Exact copies of the lines below are the goal; any images in them are dropped.

● DATA
---

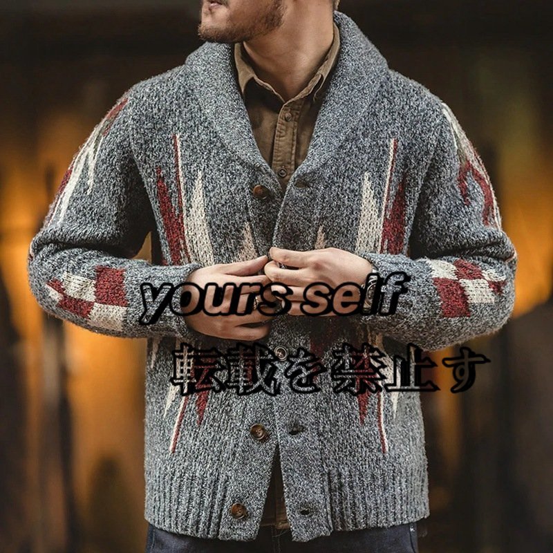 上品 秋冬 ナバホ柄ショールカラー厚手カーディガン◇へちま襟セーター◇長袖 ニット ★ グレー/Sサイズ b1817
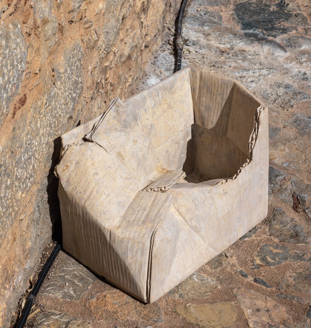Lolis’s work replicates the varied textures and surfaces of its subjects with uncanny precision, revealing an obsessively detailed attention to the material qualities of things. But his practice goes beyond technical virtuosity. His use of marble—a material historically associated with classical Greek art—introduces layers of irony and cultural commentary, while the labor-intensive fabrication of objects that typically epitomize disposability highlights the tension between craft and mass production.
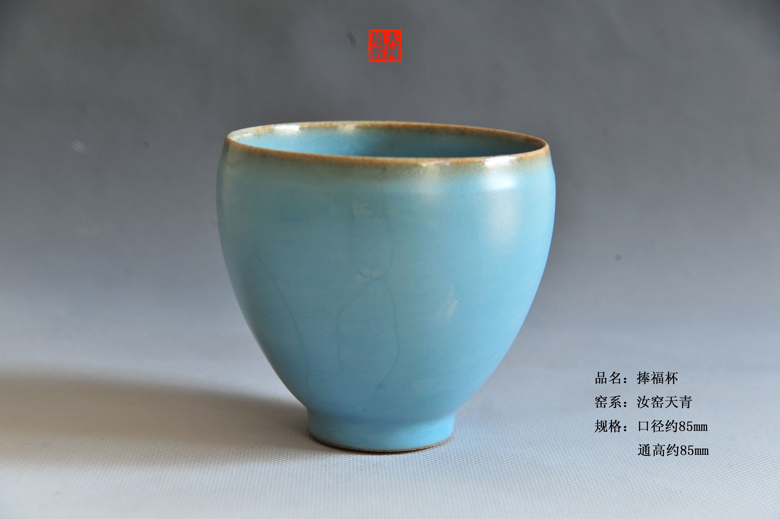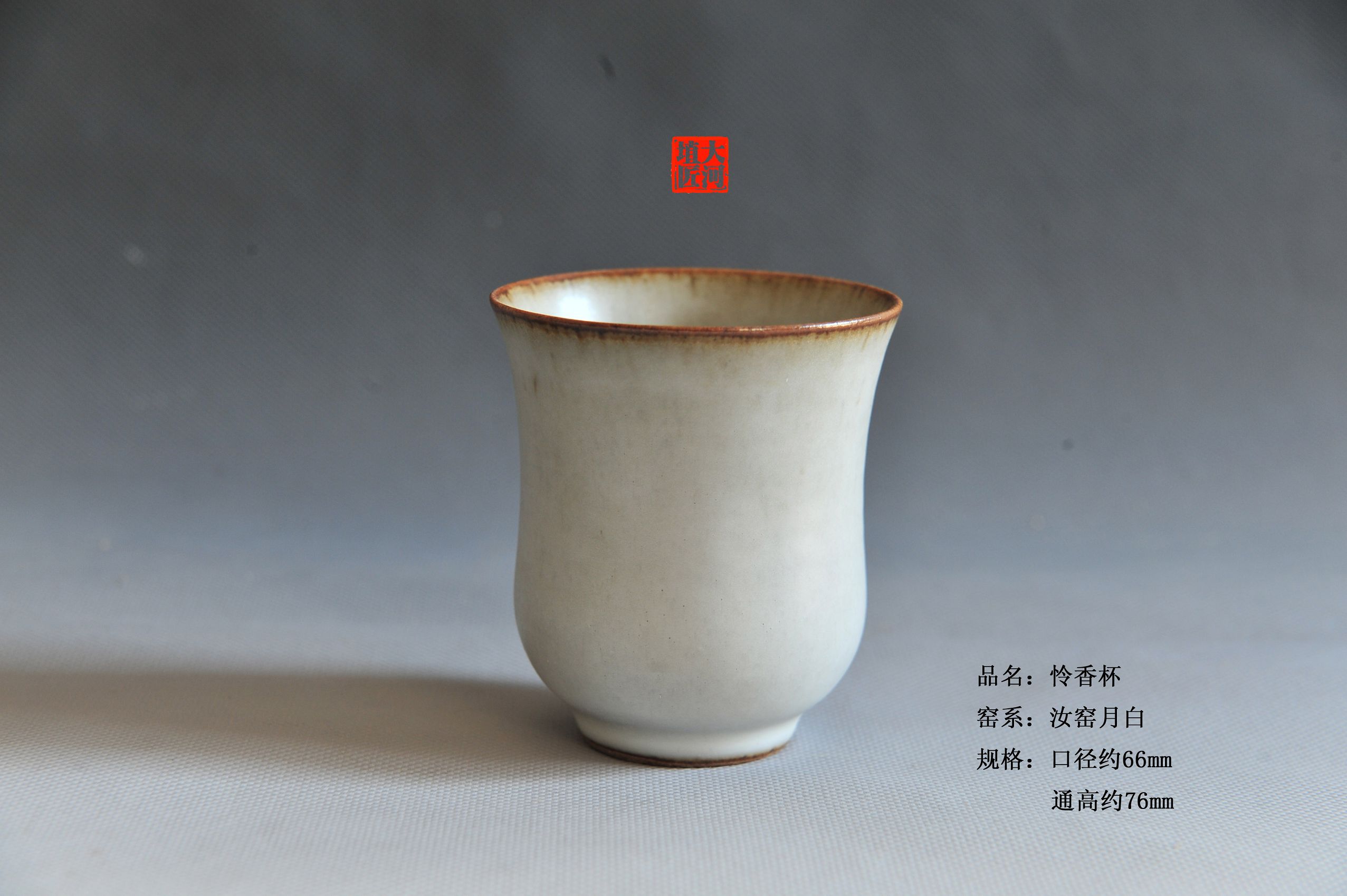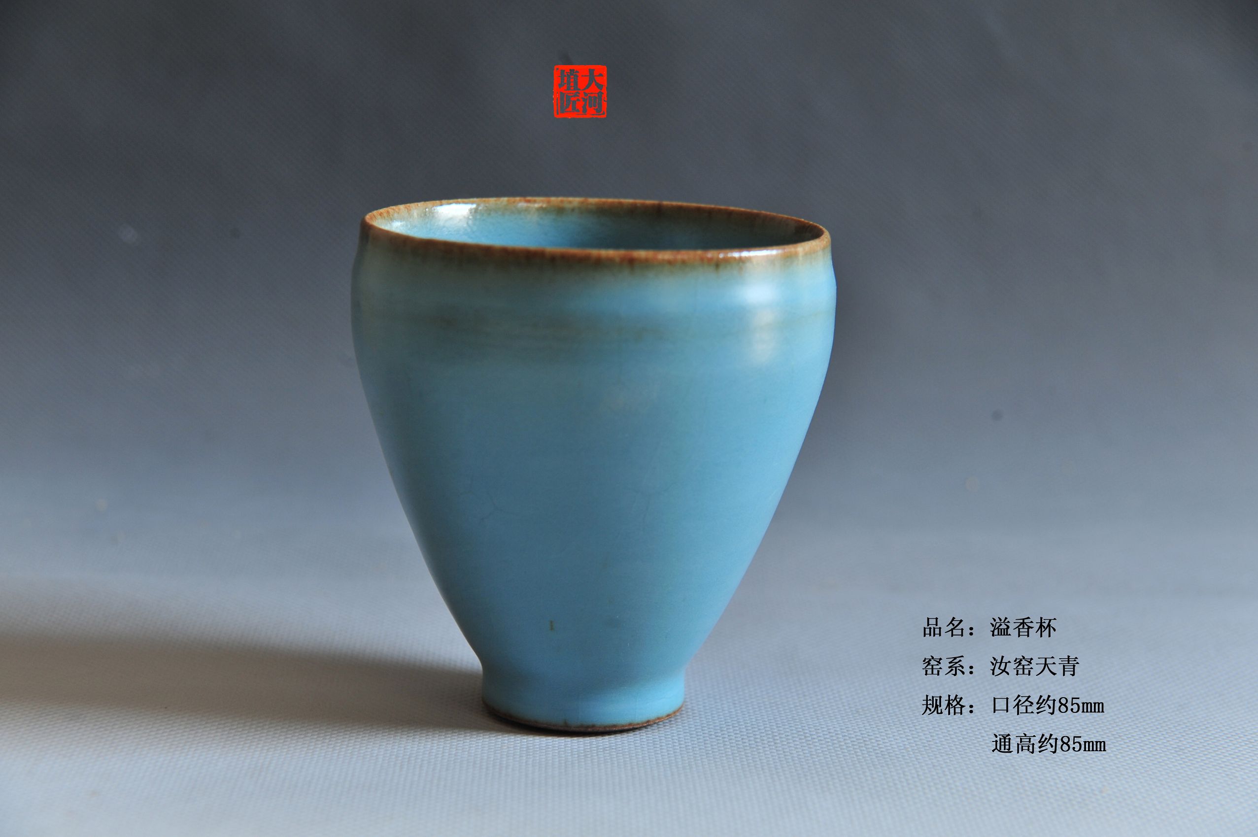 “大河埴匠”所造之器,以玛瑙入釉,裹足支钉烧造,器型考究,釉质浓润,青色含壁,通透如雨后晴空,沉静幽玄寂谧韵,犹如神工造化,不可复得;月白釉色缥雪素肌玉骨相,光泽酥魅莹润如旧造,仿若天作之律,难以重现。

---

● RESULT OF THIS EXERCISE
 上品 秋冬 ナバホ柄ショールカラー厚手カーディガン◇へちま襟セーター◇長袖 ニット ★ グレー/Sサイズ b1817
Lolis’s work replicates the varied textures and surfaces of its subjects with uncanny precision, revealing an obsessively detailed attention to the material qualities of things. But his practice goes beyond technical virtuosity. His use of marble—a material historically associated with classical Greek art—introduces layers of irony and cultural commentary, while the labor-intensive fabrication of objects that typically epitomize disposability highlights the tension between craft and mass production.
 “大河埴匠”所造之器,以玛瑙入釉,裹足支钉烧造,器型考究,釉质浓润,青色含壁,通透如雨后晴空,沉静幽玄寂谧韵,犹如神工造化,不可复得;月白釉色缥雪素肌玉骨相,光泽酥魅莹润如旧造,仿若天作之律,难以重现。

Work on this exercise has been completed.